#### EXERCISE PROMPT:
Output every record again so that it matches the original word for word.

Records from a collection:
#####
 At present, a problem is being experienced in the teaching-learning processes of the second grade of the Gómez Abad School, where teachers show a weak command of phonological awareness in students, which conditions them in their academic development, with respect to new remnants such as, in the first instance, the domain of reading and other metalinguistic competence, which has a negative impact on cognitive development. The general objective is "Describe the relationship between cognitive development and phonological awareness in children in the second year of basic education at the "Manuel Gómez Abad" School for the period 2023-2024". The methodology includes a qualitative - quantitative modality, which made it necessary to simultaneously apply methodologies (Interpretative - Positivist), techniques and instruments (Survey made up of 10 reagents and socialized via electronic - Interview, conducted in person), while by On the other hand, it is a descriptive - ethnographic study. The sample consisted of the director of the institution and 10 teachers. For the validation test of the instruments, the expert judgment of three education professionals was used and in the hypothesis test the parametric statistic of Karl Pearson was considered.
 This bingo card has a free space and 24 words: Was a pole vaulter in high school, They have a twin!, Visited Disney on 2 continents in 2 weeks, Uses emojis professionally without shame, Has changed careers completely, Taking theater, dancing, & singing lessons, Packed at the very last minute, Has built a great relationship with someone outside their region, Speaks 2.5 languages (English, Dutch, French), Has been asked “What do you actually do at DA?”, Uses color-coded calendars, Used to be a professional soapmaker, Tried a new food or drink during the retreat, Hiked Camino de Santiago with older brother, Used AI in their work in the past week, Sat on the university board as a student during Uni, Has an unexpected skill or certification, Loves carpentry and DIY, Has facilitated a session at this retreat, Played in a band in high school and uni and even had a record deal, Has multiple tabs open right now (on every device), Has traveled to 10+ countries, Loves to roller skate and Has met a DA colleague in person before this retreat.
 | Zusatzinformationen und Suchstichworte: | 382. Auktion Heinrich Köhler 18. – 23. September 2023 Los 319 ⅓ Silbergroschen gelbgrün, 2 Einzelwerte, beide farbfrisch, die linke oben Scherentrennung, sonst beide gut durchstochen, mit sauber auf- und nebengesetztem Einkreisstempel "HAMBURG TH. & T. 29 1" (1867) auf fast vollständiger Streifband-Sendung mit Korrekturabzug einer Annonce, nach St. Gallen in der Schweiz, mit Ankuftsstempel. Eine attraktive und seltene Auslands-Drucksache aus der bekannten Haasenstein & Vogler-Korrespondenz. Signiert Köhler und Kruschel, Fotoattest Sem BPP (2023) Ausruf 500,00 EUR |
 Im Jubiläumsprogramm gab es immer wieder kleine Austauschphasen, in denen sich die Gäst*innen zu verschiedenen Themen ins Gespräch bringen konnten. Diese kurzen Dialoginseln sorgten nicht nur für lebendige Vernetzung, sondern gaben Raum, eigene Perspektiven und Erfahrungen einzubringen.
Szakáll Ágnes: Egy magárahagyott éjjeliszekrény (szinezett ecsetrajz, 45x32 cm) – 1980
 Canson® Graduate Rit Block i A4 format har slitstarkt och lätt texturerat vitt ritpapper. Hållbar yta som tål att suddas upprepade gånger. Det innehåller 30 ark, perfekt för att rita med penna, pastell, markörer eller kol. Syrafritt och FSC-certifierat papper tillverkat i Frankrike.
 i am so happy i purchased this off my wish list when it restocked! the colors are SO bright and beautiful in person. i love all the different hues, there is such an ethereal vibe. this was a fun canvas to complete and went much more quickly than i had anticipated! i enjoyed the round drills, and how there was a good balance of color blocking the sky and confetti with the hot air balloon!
#####
#### ANSWER FOR THIS EXERCISE:
 At present, a problem is being experienced in the teaching-learning processes of the second grade of the Gómez Abad School, where teachers show a weak command of phonological awareness in students, which conditions them in their academic development, with respect to new remnants such as, in the first instance, the domain of reading and other metalinguistic competence, which has a negative impact on cognitive development. The general objective is "Describe the relationship between cognitive development and phonological awareness in children in the second year of basic education at the "Manuel Gómez Abad" School for the period 2023-2024". The methodology includes a qualitative - quantitative modality, which made it necessary to simultaneously apply methodologies (Interpretative - Positivist), techniques and instruments (Survey made up of 10 reagents and socialized via electronic - Interview, conducted in person), while by On the other hand, it is a descriptive - ethnographic study. The sample consisted of the director of the institution and 10 teachers. For the validation test of the instruments, the expert judgment of three education professionals was used and in the hypothesis test the parametric statistic of Karl Pearson was considered.
 This bingo card has a free space and 24 words: Was a pole vaulter in high school, They have a twin!, Visited Disney on 2 continents in 2 weeks, Uses emojis professionally without shame, Has changed careers completely, Taking theater, dancing, & singing lessons, Packed at the very last minute, Has built a great relationship with someone outside their region, Speaks 2.5 languages (English, Dutch, French), Has been asked “What do you actually do at DA?”, Uses color-coded calendars, Used to be a professional soapmaker, Tried a new food or drink during the retreat, Hiked Camino de Santiago with older brother, Used AI in their work in the past week, Sat on the university board as a student during Uni, Has an unexpected skill or certification, Loves carpentry and DIY, Has facilitated a session at this retreat, Played in a band in high school and uni and even had a record deal, Has multiple tabs open right now (on every device), Has traveled to 10+ countries, Loves to roller skate and Has met a DA colleague in person before this retreat.
 | Zusatzinformationen und Suchstichworte: | 382. Auktion Heinrich Köhler 18. – 23. September 2023 Los 319 ⅓ Silbergroschen gelbgrün, 2 Einzelwerte, beide farbfrisch, die linke oben Scherentrennung, sonst beide gut durchstochen, mit sauber auf- und nebengesetztem Einkreisstempel "HAMBURG TH. & T. 29 1" (1867) auf fast vollständiger Streifband-Sendung mit Korrekturabzug einer Annonce, nach St. Gallen in der Schweiz, mit Ankuftsstempel. Eine attraktive und seltene Auslands-Drucksache aus der bekannten Haasenstein & Vogler-Korrespondenz. Signiert Köhler und Kruschel, Fotoattest Sem BPP (2023) Ausruf 500,00 EUR |
 Im Jubiläumsprogramm gab es immer wieder kleine Austauschphasen, in denen sich die Gäst*innen zu verschiedenen Themen ins Gespräch bringen konnten. Diese kurzen Dialoginseln sorgten nicht nur für lebendige Vernetzung, sondern gaben Raum, eigene Perspektiven und Erfahrungen einzubringen.
Szakáll Ágnes: Egy magárahagyott éjjeliszekrény (szinezett ecsetrajz, 45x32 cm) – 1980
 Canson® Graduate Rit Block i A4 format har slitstarkt och lätt texturerat vitt ritpapper. Hållbar yta som tål att suddas upprepade gånger. Det innehåller 30 ark, perfekt för att rita med penna, pastell, markörer eller kol. Syrafritt och FSC-certifierat papper tillverkat i Frankrike.
 i am so happy i purchased this off my wish list when it restocked! the colors are SO bright and beautiful in person. i love all the different hues, there is such an ethereal vibe. this was a fun canvas to complete and went much more quickly than i had anticipated! i enjoyed the round drills, and how there was a good balance of color blocking the sky and confetti with the hot air balloon!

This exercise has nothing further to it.